Pathologist-Artificial Intelligence (AI) Concordance in HER2 Interpretation for Advanced Biliary Tract Cancer: Intra-observer, Inter-observer, and Human-AI Variability
Hyunchul Kim, Jinhyung Heo, Soo Ick Cho, Beodeul Kang, Jung Sun Kim, Chan Kim, Chang Il Kwon, Min Je Sung, Seok-Pyo Shin, Seok Jeong Yang, Incheon Kang, Sung Hwan Lee, Chansik An, Seungeun Lee, Jin Woo Oh, Hee Yeon Kay, Jiwon Shin, Taebum Lee, Sanghoon Song, Sukjun Kim, Heon Song, Sergio Pereira, Gwangil Kim, Hong Jae Chon
Laboratory Investigation, 2025
Abstract
Biliary tract cancer (BTC) is a rare, aggressive malignancy with a poor prognosis. HER2 is overexpressed in a subset of BTC patients, and recent advances in HER2-targeted agents are expanding therapeutic options. However, accurately assessing HER2 expression is challenging in BTC, especially at low levels. This study compared HER2 interpretations in advanced BTC by pathologists using light microscopy (LM) and digital pathology (DP) and evaluated the potential of artificial intelligence (AI)-powered pathology in enhancing HER2-scoring consistency.
A total of 309 HER2 immunohistochemistry slides were obtained from advanced BTC patients who received systemic therapy at CHA Bundang Medical Center between 2019 and 2022. Three pathologists independently evaluated HER2 expression twice, once using LM and once using DP, with a wash-out period between evaluations.

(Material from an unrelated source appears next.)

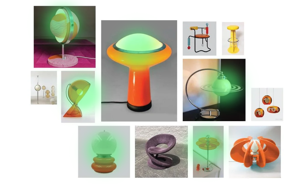 Exploration of retro-future and 70s style light pieces. I was inspired by the forms that had spheres intersecting planes. I also looked at forms that played with non-traditional lamp forms.

An AI-powered whole slide image analyzer evaluated HER2 expression. The ground truth was selected based on consensus among pathologists.

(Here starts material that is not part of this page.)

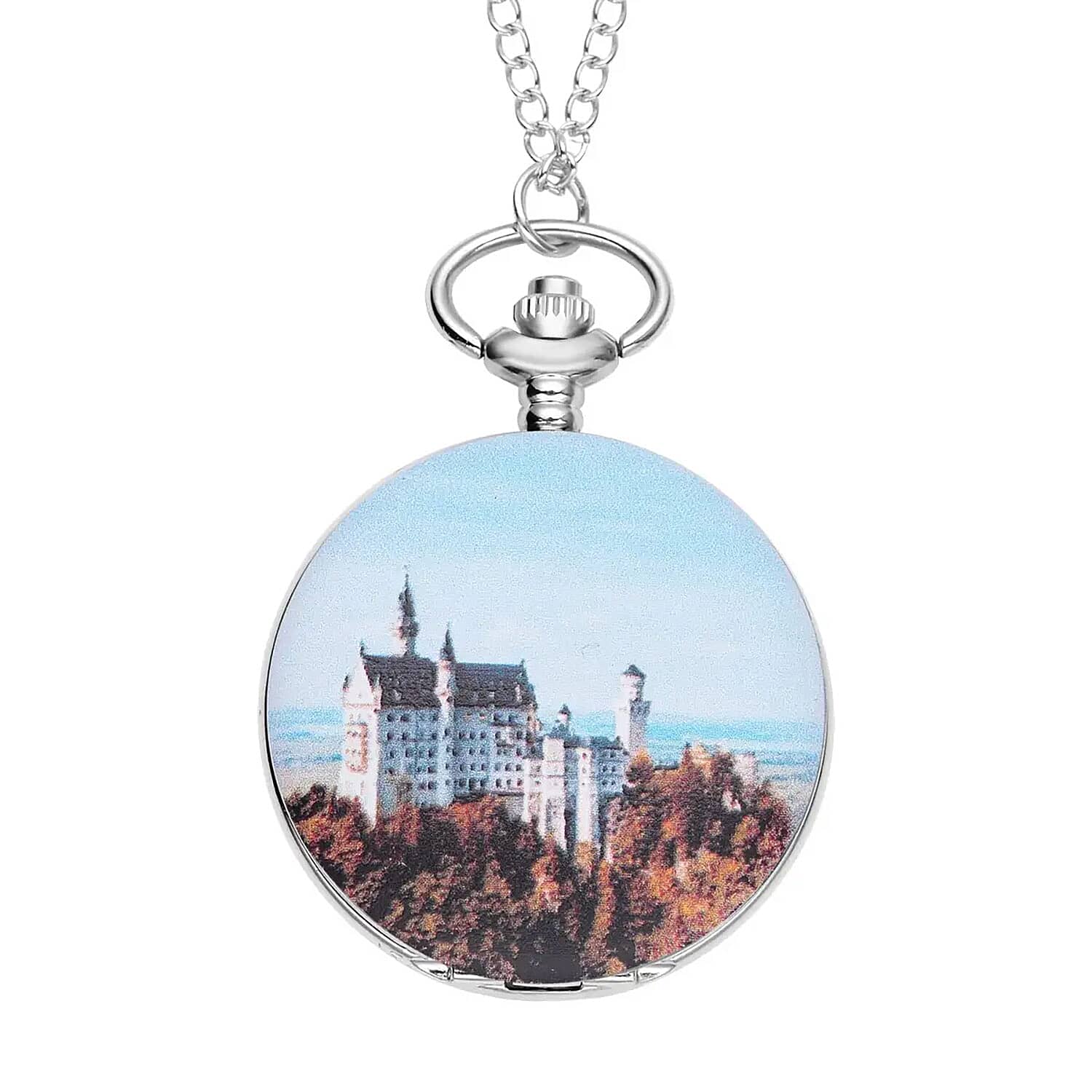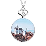Strada Japanese Movement Castle Pattern Pocket Watch with Silvertone Chain (up to 31 Inches)

Pathologists showed complete agreement on HER2 results in 62.1% of LM evaluations and 63.4% of DP evaluations. For intra-observer variability, the weighted kappa values ranged from 0.979 to 0.984, while inter-observer variability ranged from 0.819 to 0.863 for LM and 0.820 to 0.876 for DP. The overall concordance rate of HER2 categories between the AI and the ground truth was 83.5%. Clinical factors such as HER2 expression level and specimen type significantly influenced intra- and inter-observer variability, whereas histologic grade was a key factor affecting the AI model’s performance.
In this study, we quantified intra- and inter-observer variability in HER2 evaluation for BTC by pathologists and demonstrated that AI-powered HER2 scoring showed high concordance with pathologists’ evaluations. As the clinical factors underlying the discrepancies in the results from the AI model and pathologists were different, the AI model is expected to help pathologists make more objective assessments of BTC HER2 readings in the future.